Rio, Choro, Jazz…, by Dan Mc Clenaghan – All About Jazz

For the more casual fans, Bossa Nova is the Brazilian contribution to music. But there's more than that, and a background from which the popularization of Brazilian sound began in America via saxophonist Stan Getz' teamings with Joao Gilberto and Antonio Carlos Jobim on Getz/Gilberto (Verve Records, 1963) and guitarist Charlie Byrd for Jazz Samba (Verve Records, 1962).

Going deeper, and further back before the days of Bossa Nova, is pianist Antonio Adolfo on Rio, Choro, Jazz..., for an exploration of the music of seminal Brazilian composer Ernesto Nazareth (1863-1934).

Brazil, as much as America, has always stirred up a stew of musical styles. In the late nineteenth century, combining the influences of European dance forms, American Ragtime, and the rhythms of Africa—using European instrument such as the piano and a variety of guitars—a music called Choro was born. And Ernesto Nazareth was one of the most prolific and popular Choro composers.

Adolfo opens the disc with his lone composing contribution, the set's title tune. His piano and the guitar of Claudio Spiewak rise up to float over the face of the earth. The rhythm of bassist Jorge Helder and drummer Rafael Barata and percussionist Marcos Suzano are light yet insistent, while Marcelo Martin's flute seems to drift with the clouds.

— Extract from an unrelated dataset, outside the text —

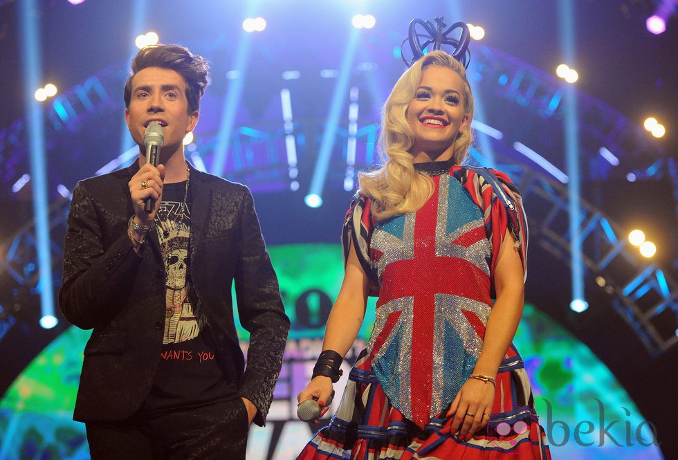 El presentador Nick Grimshaw y la cantante Rita Ora en la gala de los BBC Radio 1 Teen Awards 2014.
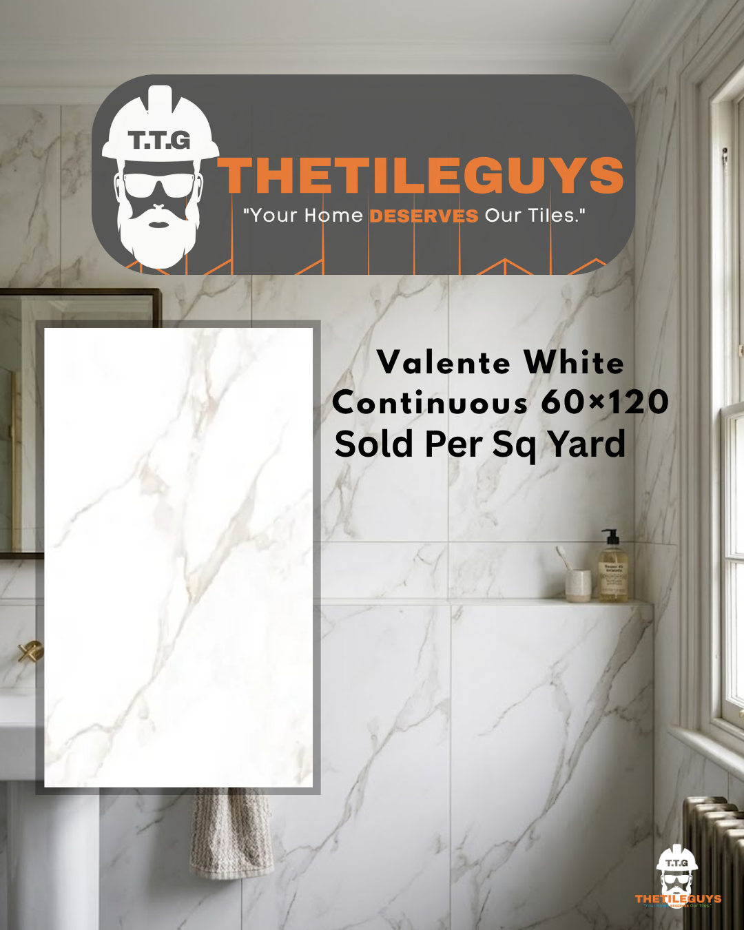 Elevate your interiors with Valente White Continuous 60x120, a premium porcelain tile that combines contemporary style, practicality, and a flawless, uninterrupted finish

The rest of the set covers the compositions of Ernesto Nazareth, spanning a time frame from 1881 to 1912. Supple melodic delicacy injected with African-tinged rhythmic energy is the approach. Like Bossa Nova that it influenced, Choro has a certain restraint and refinement, and an unrestrained beauty in these Adolfo jazz treatments.

The earliest of the Nazareth tunes covered here, "Nao Caio Noutra," is an ebullient ragtime romp in the Scott Joplin mode, perhaps the most American-influenced of the songs. From the year 1912 come the tunes "Fon-Fon" and "Tenebroso." The former rides a samba-ish groove, by turns serious and playful. The latter, has a rhythm that brings Miles Davis' "In a Silent Way" to mind, with a sweet and lyrical soprano sax turn inside the lilting piano work.

This is music called Choro written a century ago, but Antonio Adolfo has arranged and shaped it into the twenty-first century, giving it a modern sheen and revealing new facets of it beauty.

Track Listing: Rio, Choro, Jazz...; Feitico; Brejeiro; Fon-Fon; Tenebroso; Nao Caio Noutra; Coracao Que Sente; Cuera; Nene; Odeon.

Personnel: Antonio Adolfo: piano; Claudio Spiewak: guitars; Jorge Helder: bass; Marcelo Martins: flute, soprano saxophone; Rafael Barata: drums, percussion; Marcos Suzano: percussion.